4.player_height:运动员的身高(cm)

5.player_weight:运动员的体重(kg)

6.college:球员就读的学院名称

7.country:球员出生的国家名称(不一定是国籍)

8.draft_year:球员被选中的年份

9.draft_round:选秀轮次,指球员被选中的轮次

10.draft_number:球员在选秀轮次中被选中的顺位

11.gp:球员在该赛季期间登场的比赛次数

12.pts:球员在该赛季的平均得分

13.reb:球员在该赛季的平均篮板

14.ast:球员在该赛季的平均助攻

15.net_rating:球队在球员上场时的每百回合的得分差

16.oreb_pct:球员在场上抢到的进攻篮板的比例

17.dreb_pct:球员在场上抢到的防守篮板的比例

18.usg_pct:球员在场上使用的团队进攻次数百分比(投篮出手次数+罚球次数+失误次数)/ 回合数)

19.ts_pct:球员的真实命中率,考虑了罚球、两分球和三分球。

20.ast_pct:球员在场上时助攻的队友投篮百分比

21.season:NBA赛季

2.2 数据预处理

数据概览

import pandas as pd

import numpy as np

df = pd.read_csv('data/all_seasons.csv', index_col=0)
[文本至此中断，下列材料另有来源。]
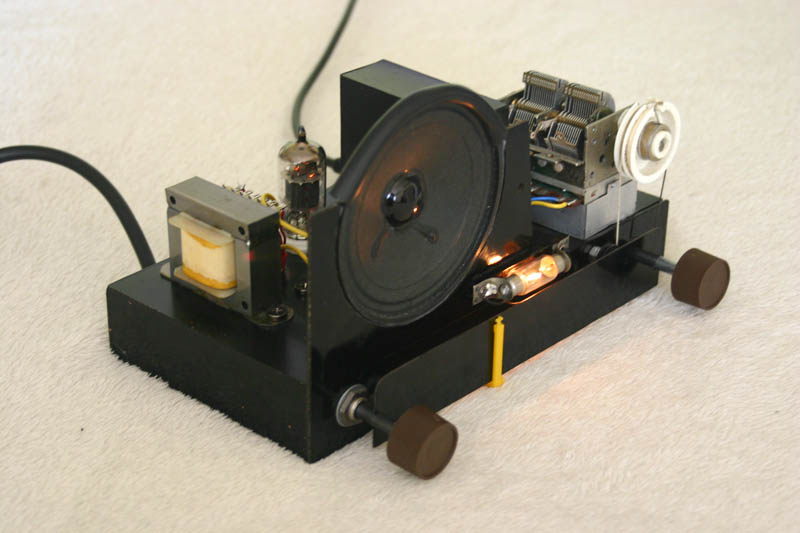 Wie man erkennt ist noch nicht alles in Röhrentechnik umgesetzt. Die ZF Verstärkung und die Demodulation läuft mit alten russischen Miniaturröhren (1Sh18)und Kermakov Miniaturfiltern. Diese sind im mittleren Gehäuse untergebracht. Leider waren keine Miniaturröhren für den NF Verstärker mehr da, hier musste auf normale Bauform zurückgegriffen werden. Den Tuner hatte ich bewusst als Fertiggerät von RFT gewählt, nicht ohne mein Fett im Nachhinein wegzubekommen. Hier wurde demonstrativ darauf bestanden, ein Zitat: "Wenn ich in drei Wochen mit Mama und Papa aus Italien zurück bin, hast du eine Lösung Opa. Entweder einen Tuner als Bausatz mit Röhren oder einen fertigen Röhrentuner und ich will ein Bakelitgehäuse dafür, ich habe mir solche Mühe gegeben, versaue mein Radio nicht!"
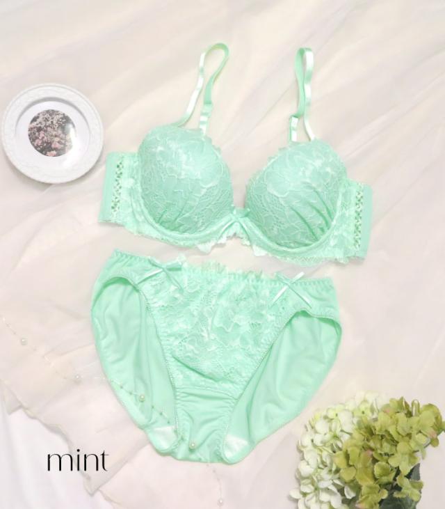 大人カワイイを叶える、総レース仕立てのブラ&ショーツセット。繊細なフラワーレースが上品で華やかな印象を演出します。脇高仕様で気になる脇肉をしっかりとキャッチ◎。サイドにあしらわれたレースアップが大人の甘さをさりげなく演出。フロントのリボンが可愛らしさのアクセントに。清潔感あふれるホワイトと、軽やかで爽やかなミントの2色展開♪
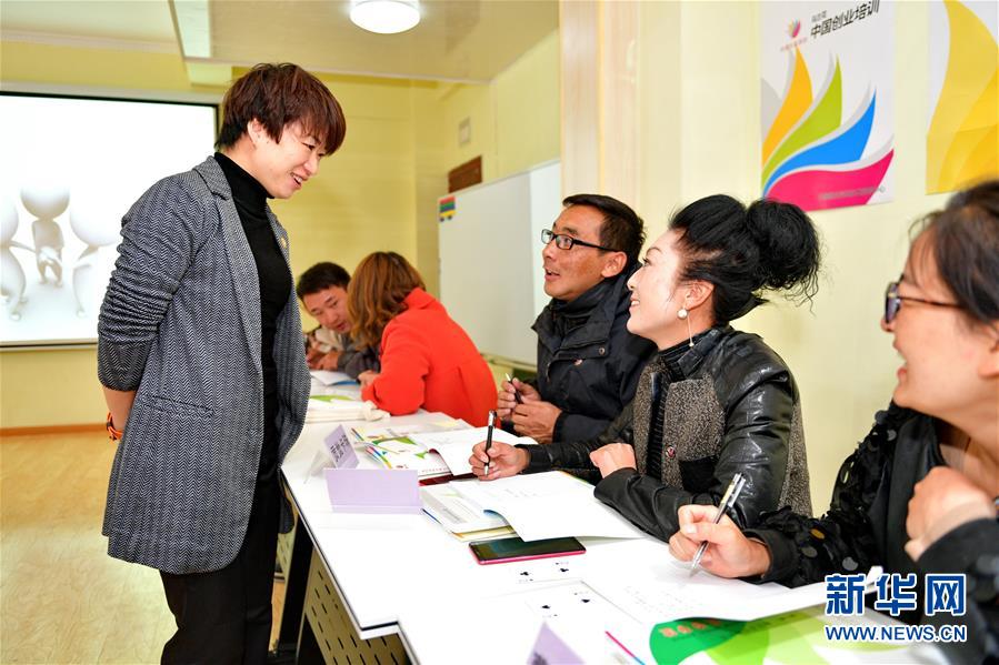 4月19日,培训师祝莉(左)和学员互动。 当日,2019年人社部援藏创业培训师资培训班在拉萨市西藏创新双语职业技能培训学校开班授课。由人社部统一派遣的国家级培训师将对来自西藏全区的60余名学员进行为期十天的培训,助力西藏创业师资队伍水平提升。 新华社记者 张汝锋 摄

country_codes = pd.read_csv("data/all_seasons.csv", index_col=0)

df.head()

df.info()

df.describe()

categoricals = df.select_dtypes(exclude=[np.number])

categoricals.describe()

数据处理

1.使用boolean逻辑创建drafted列,表明是否为选秀球员

df['drafted'] = np.where(df['draft_year'] != 'Undrafted', 1, 0)

2.将draft_year列转换为日期类型

# Replace Undrafted with NaN

df['draft_year'] = df['draft_year'].replace(r'Undrafted', np.nan, regex=True)
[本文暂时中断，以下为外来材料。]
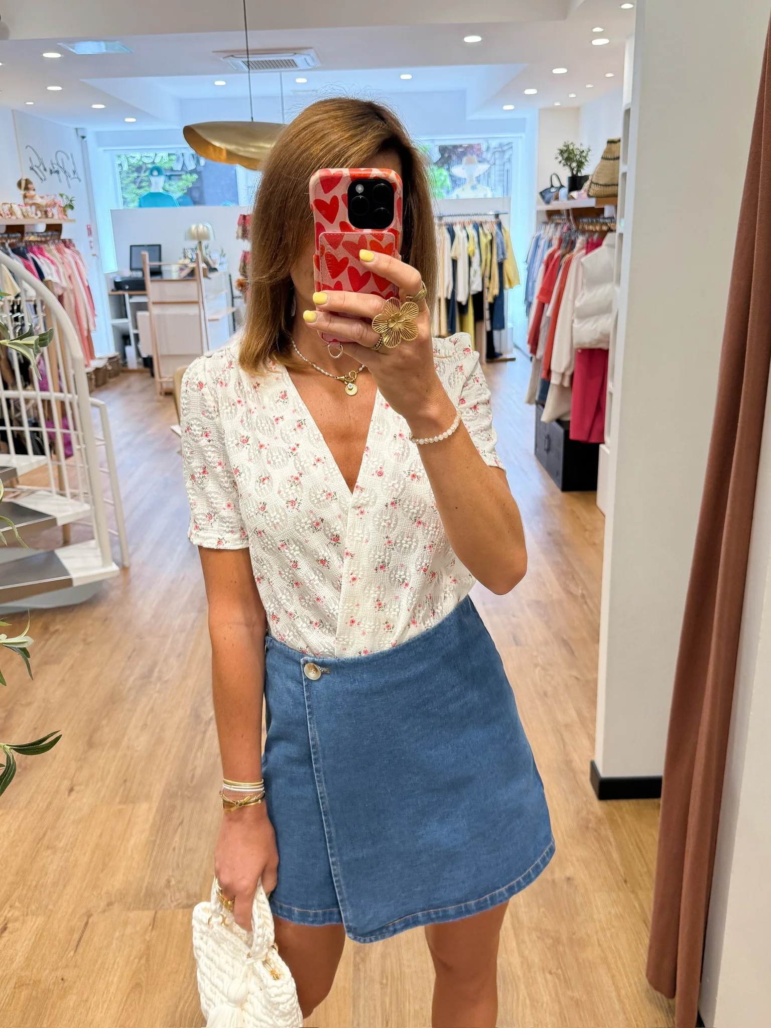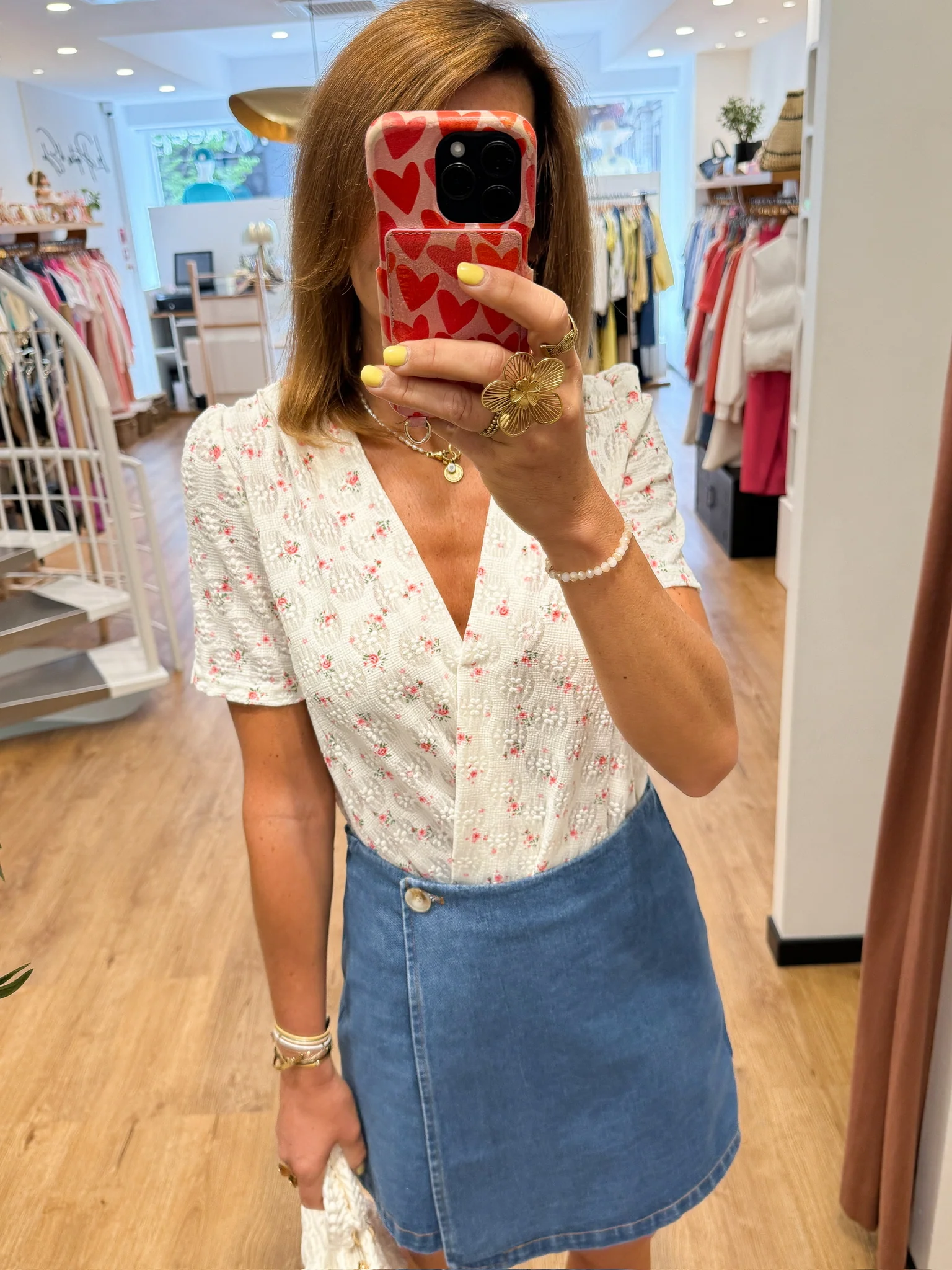 Composition: 100% polyester Bouton pression sur le devant Manches courtes Motifs fleurs rose Le modèle porte une taille SM et mesure 169cm

# Convert the column data type to date

df['draft_year'] = pd.to_datetime(df['draft_year'])

3.将season列转换为日期类型

df['season'] = pd.to_datetime(df['season'].str[:4])

4.标准化country

df['country'] = df['country'].replace({

'Great Britain':'United Kingdom',

'England':'United Kingdom',

'Scotland':'United Kingdom',

'Bosnia & Herzegovina':'Bosnia and Herzegovina',

'Bosnia':'Bosnia and Herzegovina',

'Cabo Verde':'Cape Verde',

'St. Vincent & Grenadines':'Saint Vincent and Grenadines'})

数据转换

df.to_csv('data/all_seasons_processed.csv')

2.3 数据集上传

1.启用Hadoop中的HDFS框架(确保Hadoop已安装)

/usr/local/hadoop/sbin/start-dfs.sh

2.登录用户创建目录及data子目录

/usr/local/hadoop/bin/hdfs dfs -mkdir -p /user/hadoop

/usr/local/hadoop/bin/hdfs dfs -mkdir -p data

3.把本地文件系统中的数据集all_season_processed.csv上传到分布式文件系统中

cd nbaPlayerDataAnalysis

/usr/local/hadoop/bin/hdfs dfs -put ./data/all_season_processed.csv data

三、项目框架与整体逻辑

3.1 项目框架

nbaPlayerDataAnalysis

data_pre-processing.ipynb

main.py

plot_html.py

flash_start.py

--data

all_season.csv

all_season_processed.csv

--json_output

--templates

3.2 整体逻辑

1.原始数据集保存在data文件夹下,进行数据概览与数据预处理: data_pre-processing.ipynb。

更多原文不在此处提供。